Serwis GrandPrix.com sugeruje, iż kierowca testowy zespołu McLaren może być obecnie zainteresowany posadą drugiego kierowcy z zespole Jordan, gdyż wspierająca go austriacka firma Superfund byłaby w stanie zasponsorować jego starty. Zwolnienie z kontraktu wiążącego Wurza z zespołem McLaren nie powinno stanowić zbyt wielkiego problemu, gdyż to właśnie zespół jest odpowiedzialny za stworzenie zbyt ciasnego auta, uniemożliwiając tym samym Austriakowi udział w testach. Wurz ma jednak silnych konkurentów w postaci dwóch reprezentantów Wysp Brytyjskich - Ralpha Firmana i Allana McNisha. W przypadku zatrudnienia jednego z nich zespół Jordan może liczyć na większe wsparcie finansowe od głównego sponsora, którym jest produkowana przez brytyjski koncern tytoniowy Gallaher Group Plc. marka Benson & Hedges.

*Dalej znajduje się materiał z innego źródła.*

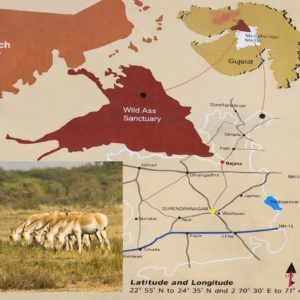 The Little Rann of Kachchh, constituting a Biosphere Reserve, extends over about 6,500 km² of low-saline desert with discontinuous patches of uplands. Of this area, 4,841 km2 has been declared as the Indian Wild Ass Sanctuary, which is the habitat of the critically endangered Indian Wild Ass (Equus hemionus khur)20 (Figure 1).
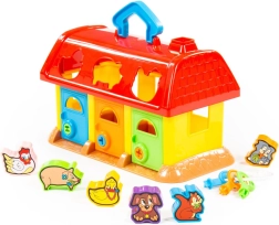Tento farebný plastový domček je skvelou voľbou pre prvé didaktické hry. Deti vkladajú zvieracie tvary do zodpovedajúcich otvorov na streche a pomocou kľúčikov otvárajú dvierka, aby si svoje poklady zase vybrali. Hračka prirodzene podporuje koordináciu oko–ruka, trpezlivosť a priestorovú predstavivosť.
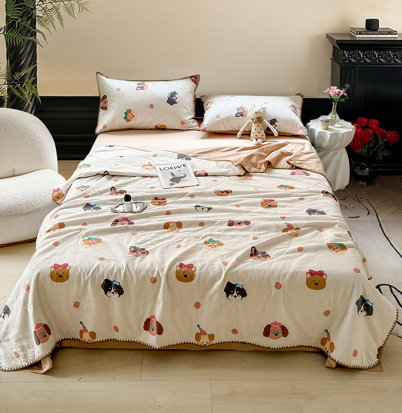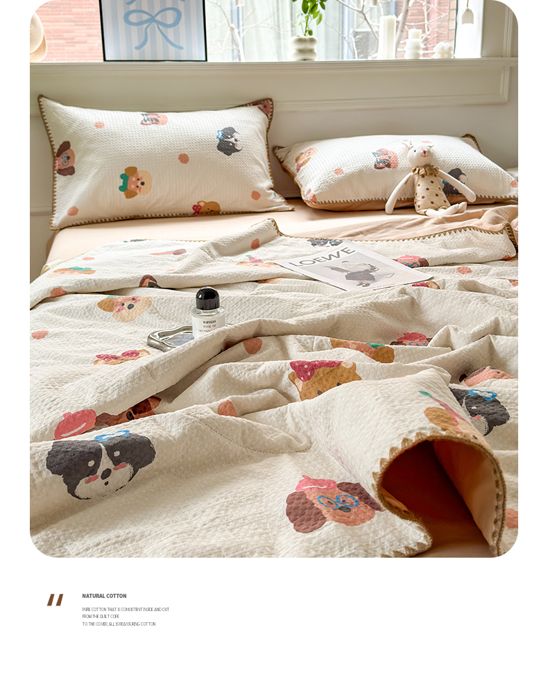 (总)雯雨家纺 2026新款里外全棉华夫格三角针夏被,简森蓝,瑞乐兰,苏潘达灰,瑞乐棕,萌动时光咖,萌动时光,欢乐派对,流白小狗-米
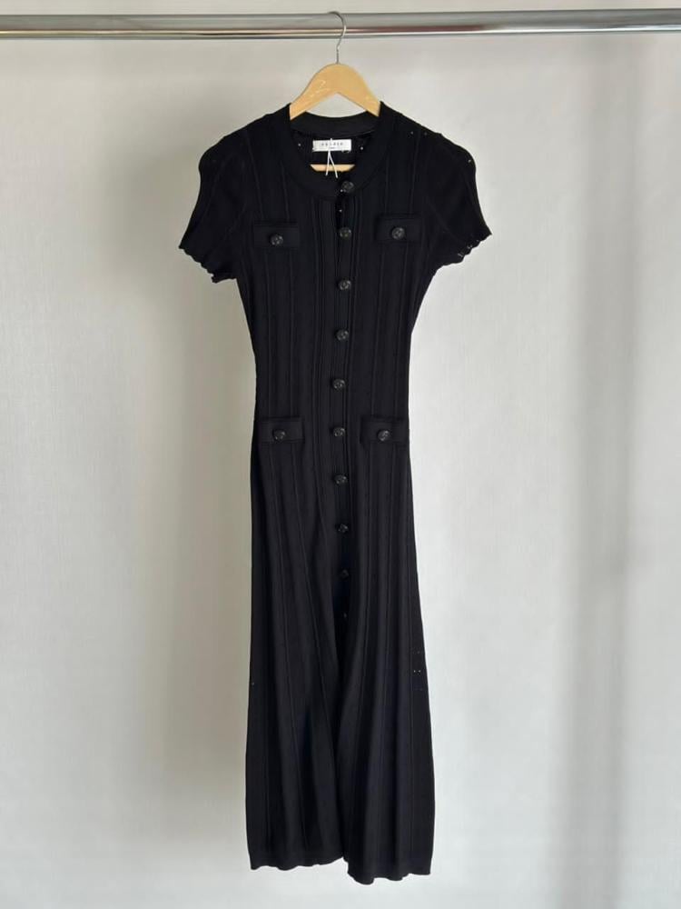 فستان بأكمام قصيرة ساندرو وأزرار أمامية لون أسود

Nie pierwszy raz w historii zespół McLaren skonstruował auto, do którego nie mieści się jeden z kierowców tej stajni. W 1995 roku do ówczesnego bolidu MP4-10A nie mógł zmieścić się mistrz świata z 1992 roku - Nigel Mansell. Do kolejnej wersji tego auta Brytyjczyk zdołał się w końcu upchnąć, ale tylko po to, aby stwierdzić, iż nie nadaje się ono do prowadzenia. W efekcie Mansell stajnię z Woking opuścił tuż przed wyścigiem o Grand Prix Monako.